CATCH_LABEL This event is recorded when an execution entered a catch/finally block. A dataId corresponding to the previous program location (that is likely where an exception was thrown) is recorded.
CATCH When an execution entered a catch/finally block, immediately after a CATCH_LABEL event, before any instructions in the catch/finally block is executed. Exception object caught by the block
JUMP This event represents a jump instruction in bytecode. The event itself is not directly recorded in a trace. The dataId of this event may appear in LABEL events.
DEVIDE This event represents an arithmetic division instruction (IDIV). The event itself is not directly recorded in a trace. The dataId of this event may appear in LABEL events.
LINE_NUMBER This event represents an execution of a line of source code. As a single line of code may be compiled into separated bytecode blocks, a number of LINE_NUMBER events having different data ID may point to the same line number.

Package Structure

SELogger comprises three sub-packages: logging, reader, and weaver.
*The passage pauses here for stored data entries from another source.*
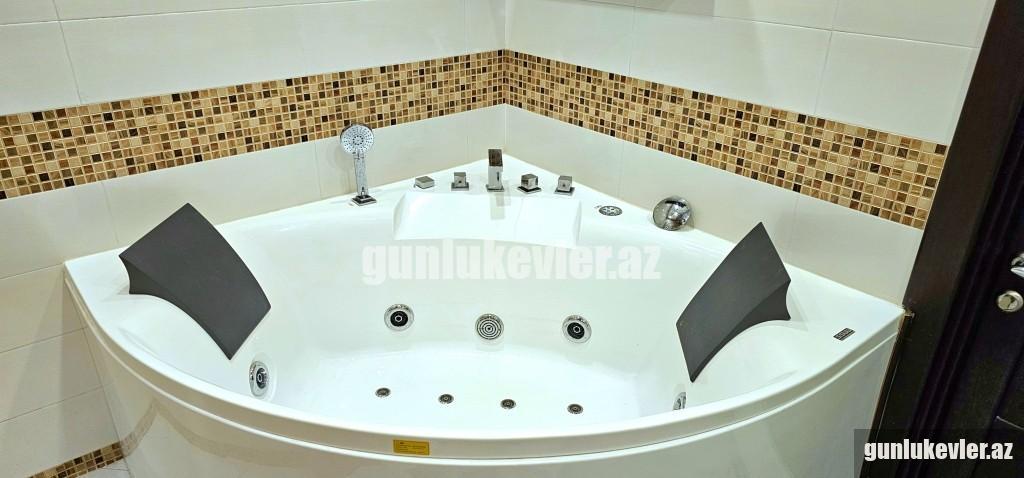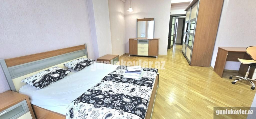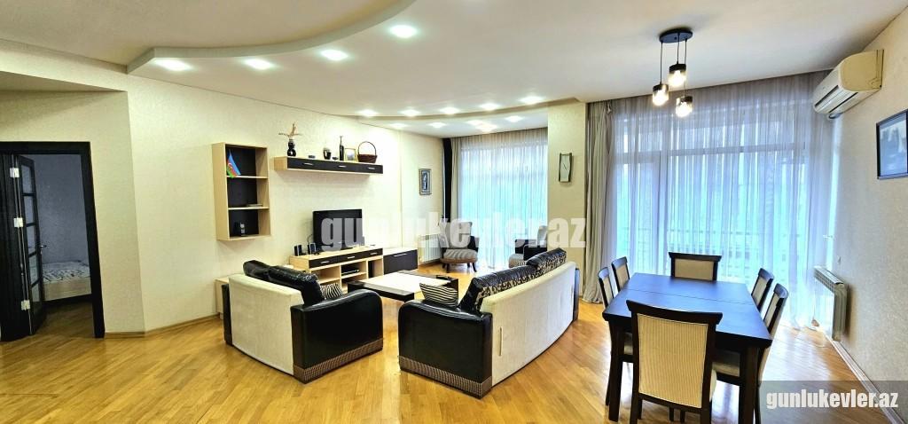 Ev 1 gecəlik və saatlıq verilmir!. Minimum 3 günlük verilir. Yeni tikilmiş binada Super temirli,muasir mebel ve texnikayla yığılmış avanqard menzili gundelik kirayeye verirem. Ev öz evimdir. 3 otaq 157 kvm sahesi var. Şekiller eve aitdir. Ev yalniz ecnebi qonaqlar ve aileliler ucun verilir. Ciddi şexsler narahat etsin! Qiymət otaq sayından asılı olaraq 50 manatdan 120 manatadək dəyişir. 1 otaq 50 manat, 2 otaq 60 manat, 3 otaq 80-100 manat, 4 otaq 120 manat. Комфортная 3 комнатная квартира с раздельными комнатами на 4/18 этажного дома в центре Баку Спальня оснащена двуспальной кроватью с ортопедическим матрасом и два односпальный кровать, зеркальным вместительным шкафом, кондиционером, В другой комнате имеется раскладывающийся диван, кабельное ТВ, Wi-Fi, кондиционер. На кухне имеется вся необходимая бытовая техника: холодильник, электрочайник, кухонные принадлежности, микроволновая печь, газовая плита. В ванной комнате: сантехника и кафель итальянского производства, фен, стиральная машина, Постельное бельё, полотенца. Рядом находятся: торговый центр, супермаркет. Квартира предназначена для комфортного пребывания четырех человек. Спальных мест 2+2+1. Зависимости от количества комнат цена меняется от 50 до 120 манат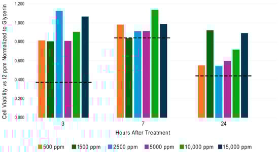 Human skin cell viability versus I2 concentration. I2 (500 to 15,000 ppm) in glycerin. Skin explants were maintained in tissue culture and 3-[4,5-dimethylthiazol-2yl]-2,5-diphenyl-tetrazolium bromide (MTT) reagent was used to evaluate mitochondrial activity. The reported value is the average (n = 3) cell viability normalized to a phosphate buffer (PBS) at each time point. The dashed line (---) at each timepoint displays the normalized cell viability value that corresponds to 50% of the PBS control.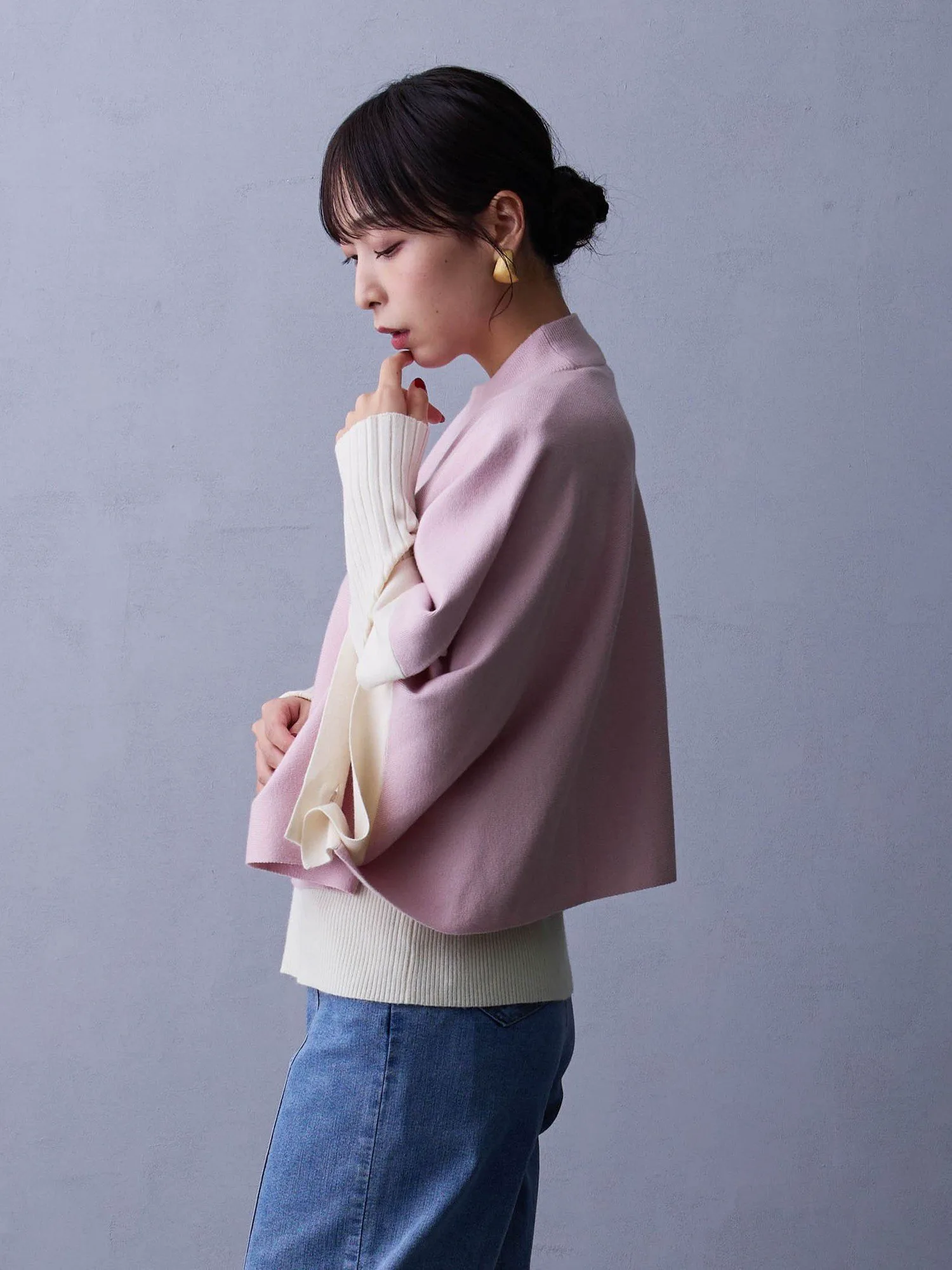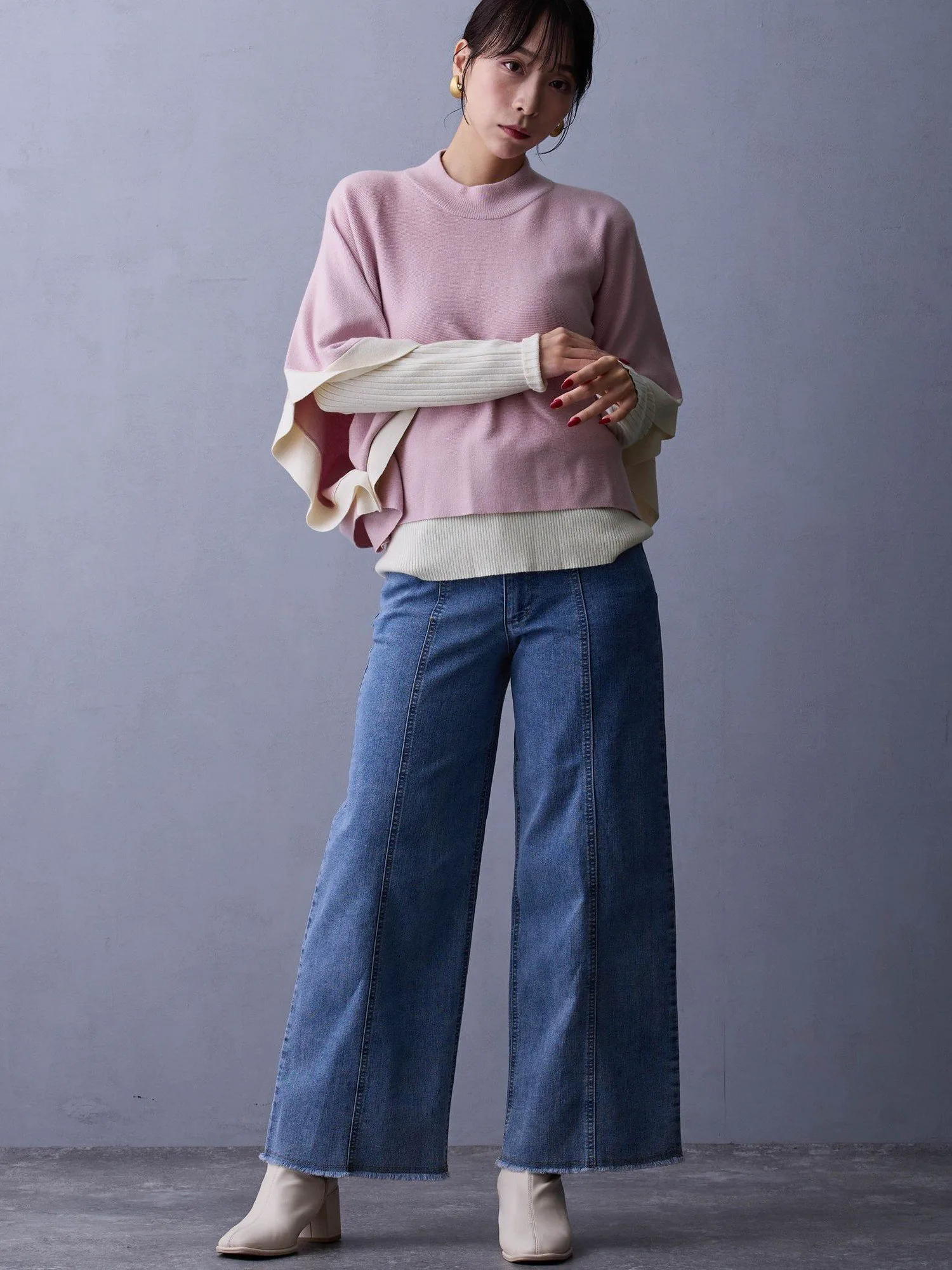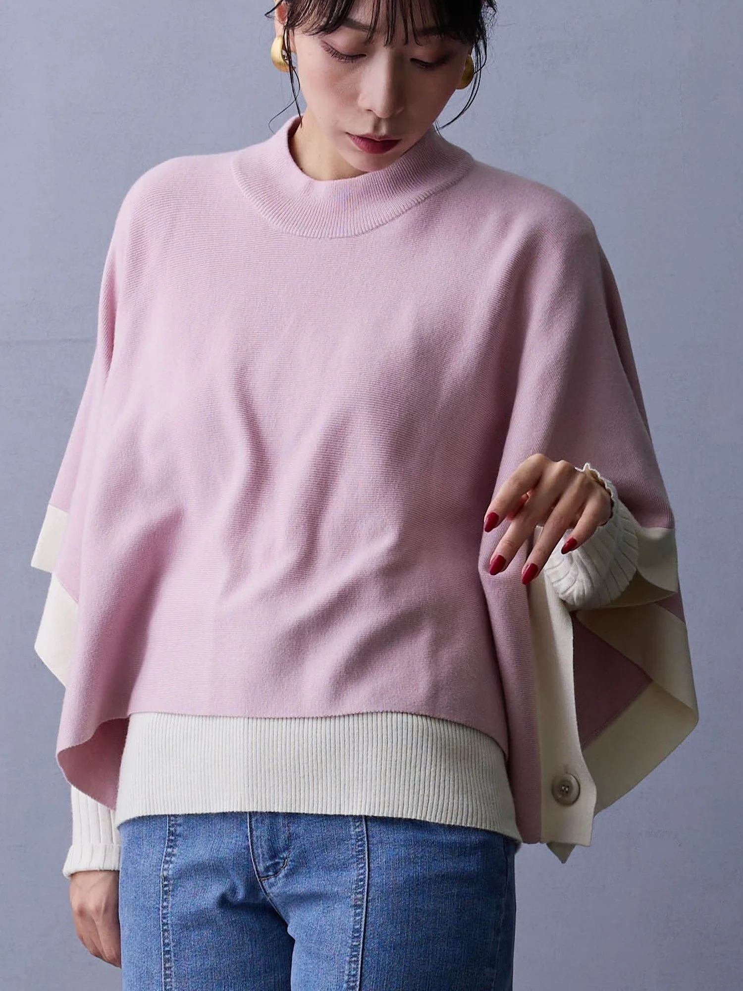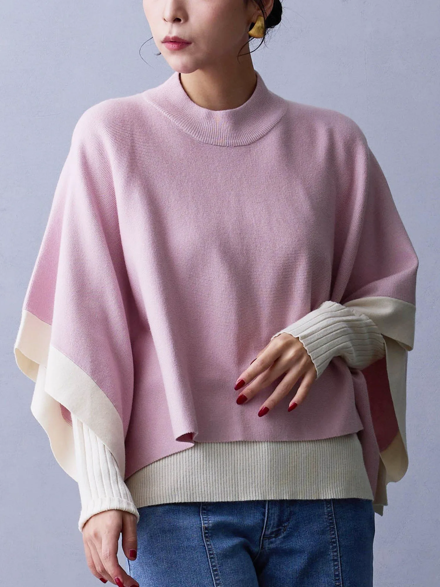 Пончо можно сочетать с рубашкой или блузкой для создания повседневного образа◎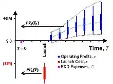 - ↑ Contrast real option valuation with the much lower valuation of an NPV calculation which results from summing all operating profits and launch costs, including negative outcomes, to derive a one-time average value.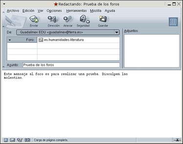 El botón Redactar es el que usaremos para enviar un mensaje al foro no como respuesta a ningún otro, sino directamente al foro. En este caso aparecerá cumplimentada la dirección del correo pero no el asunto (el programa no puede saber de qué va nuestro mensaje). Cumplimentamos los campos y lo enviamos.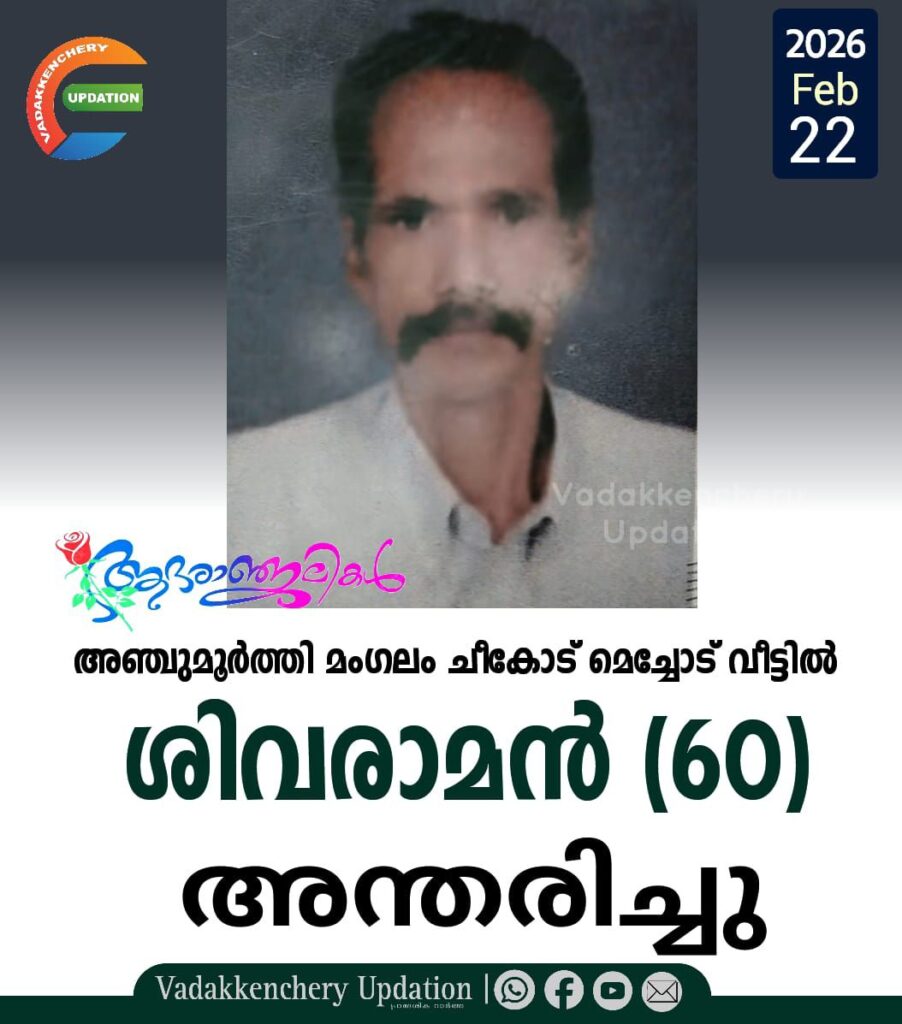 അഞ്ചുമൂർത്തി മംഗലം ചീകോട് മെച്ചോട് വീട്ടിൽ പരേതനായ കണ്ടമുത്തൻ മകൻ ശിവരാമൻ (60) അന്തരിച്ചു.സംസ്ക്കാരം നാളെ (23/2/2026-തിങ്കളാഴ്ച) രാവിലെ 10മണിക്ക് തിരുവില്ലാമല ഐവർ മഠത്തിൽ. സഹോദരങ്ങൾ : പരേതനായ ബാലൻ, പരേതനായ നാരായണൻ, യശോദ, സുമിത്ര.

  • The weaver sub-package is an implementation of Java Agent.
    • RuntimeWeaver class is the entry point of the agent. It calls ClassTransformer to inject logging instructions into target classes.
  • The logging sub-package implements logging features.
    • Logging class is the entry point of the logging feature. It records runtime events in files.
  • The reader sub-package implements classes to read log files.
    • LogPrinter class is an example to read .slg files generated by logging classes.

Limitation

The logging feature for some instructions (in particular, JUMP, RET, INVOKEDYNAMIC instructions) has not been tested well due to the lack of appropriate test cases.

To record Local variable names and line numbers, the tool uses debugging information embedded in class files.

History

The first version of SELogger (in icpc204 branch) is a static weaver for omniscient debugging . The execution trace recorded in this version is incompatible with the branch version. The major differences are:

  • Simplified data format
  • Simplified instrumentation implementation
  • Simplified logging implementation (easy to extend)
  • Supported load-time weaving
  • Supported tracing jumps caused by exceptions
  • Supported fixed-size buffer logging
  • Improved reliability with JUnit test cases

Please note that the documentation in the doc directory was written for the old version. We still keep the files for the record.